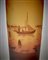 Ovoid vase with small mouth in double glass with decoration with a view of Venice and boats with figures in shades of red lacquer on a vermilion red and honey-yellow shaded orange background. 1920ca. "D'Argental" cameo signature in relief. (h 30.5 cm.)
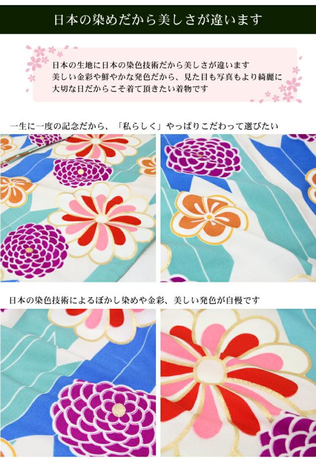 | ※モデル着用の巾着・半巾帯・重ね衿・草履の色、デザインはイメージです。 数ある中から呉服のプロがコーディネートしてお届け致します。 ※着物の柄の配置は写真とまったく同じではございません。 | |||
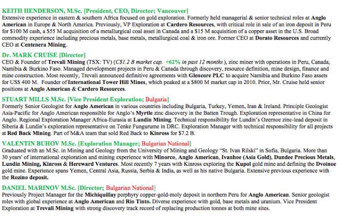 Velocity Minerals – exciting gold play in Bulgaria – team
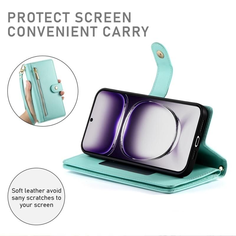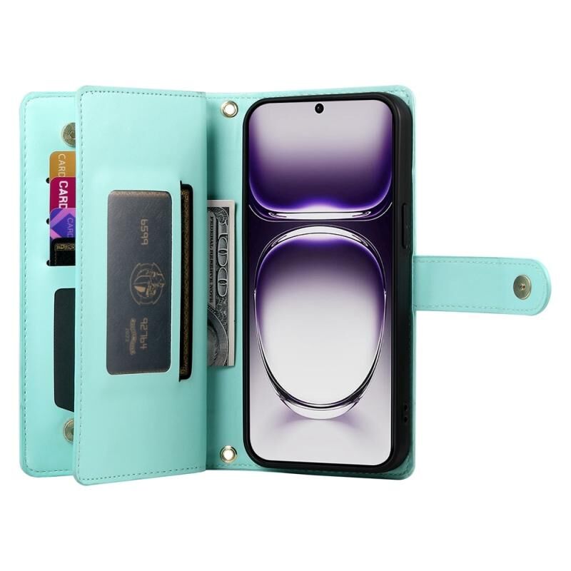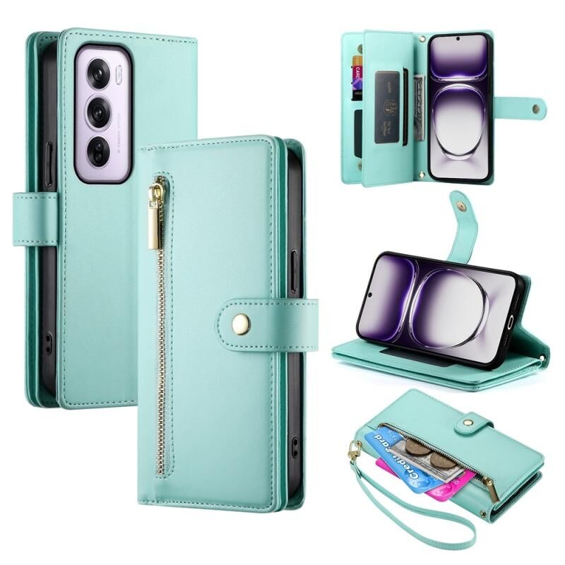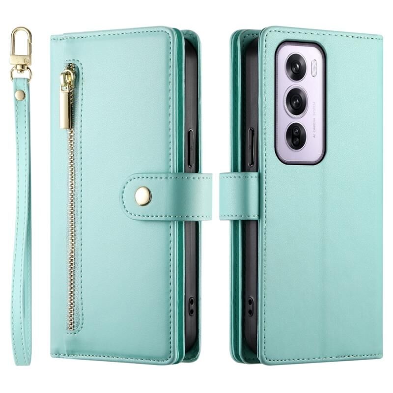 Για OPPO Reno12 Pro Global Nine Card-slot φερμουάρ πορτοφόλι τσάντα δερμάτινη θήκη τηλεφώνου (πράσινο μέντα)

################

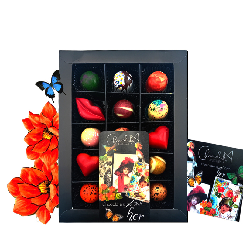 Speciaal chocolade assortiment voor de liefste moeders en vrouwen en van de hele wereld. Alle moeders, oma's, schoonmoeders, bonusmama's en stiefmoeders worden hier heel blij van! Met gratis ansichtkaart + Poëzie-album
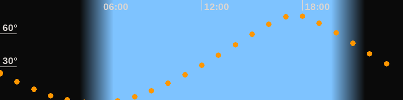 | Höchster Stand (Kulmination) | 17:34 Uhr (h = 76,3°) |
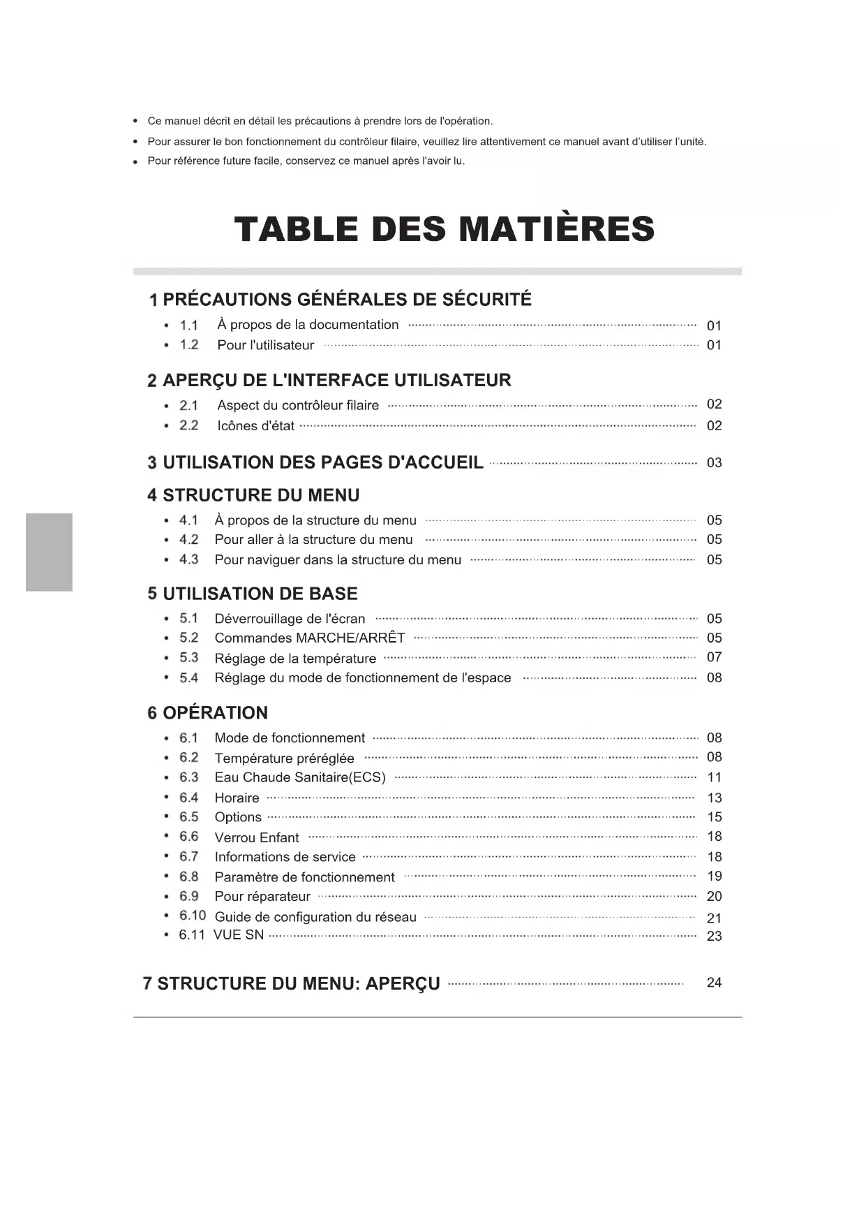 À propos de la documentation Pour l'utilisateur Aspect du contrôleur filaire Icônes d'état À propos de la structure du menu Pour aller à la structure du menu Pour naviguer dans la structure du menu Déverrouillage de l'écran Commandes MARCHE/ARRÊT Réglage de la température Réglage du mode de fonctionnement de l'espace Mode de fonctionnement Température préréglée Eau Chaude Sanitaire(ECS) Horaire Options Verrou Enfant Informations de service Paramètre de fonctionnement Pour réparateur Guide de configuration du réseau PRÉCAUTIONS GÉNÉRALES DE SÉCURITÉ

################

## Work instruction
Once the line with "Ovoid vase with" has been found above, output that line and every later line exactly, stopping after the line with "Για OPPO Reno12", and omit the pictures.

## Response
 Ovoid vase with small mouth in double glass with decoration with a view of Venice and boats with figures in shades of red lacquer on a vermilion red and honey-yellow shaded orange background. 1920ca. "D'Argental" cameo signature in relief. (h 30.5 cm.)
 | ※モデル着用の巾着・半巾帯・重ね衿・草履の色、デザインはイメージです。 数ある中から呉服のプロがコーディネートしてお届け致します。 ※着物の柄の配置は写真とまったく同じではございません。 | |||
 Velocity Minerals – exciting gold play in Bulgaria – team
 Για OPPO Reno12 Pro Global Nine Card-slot φερμουάρ πορτοφόλι τσάντα δερμάτινη θήκη τηλεφώνου (πράσινο μέντα)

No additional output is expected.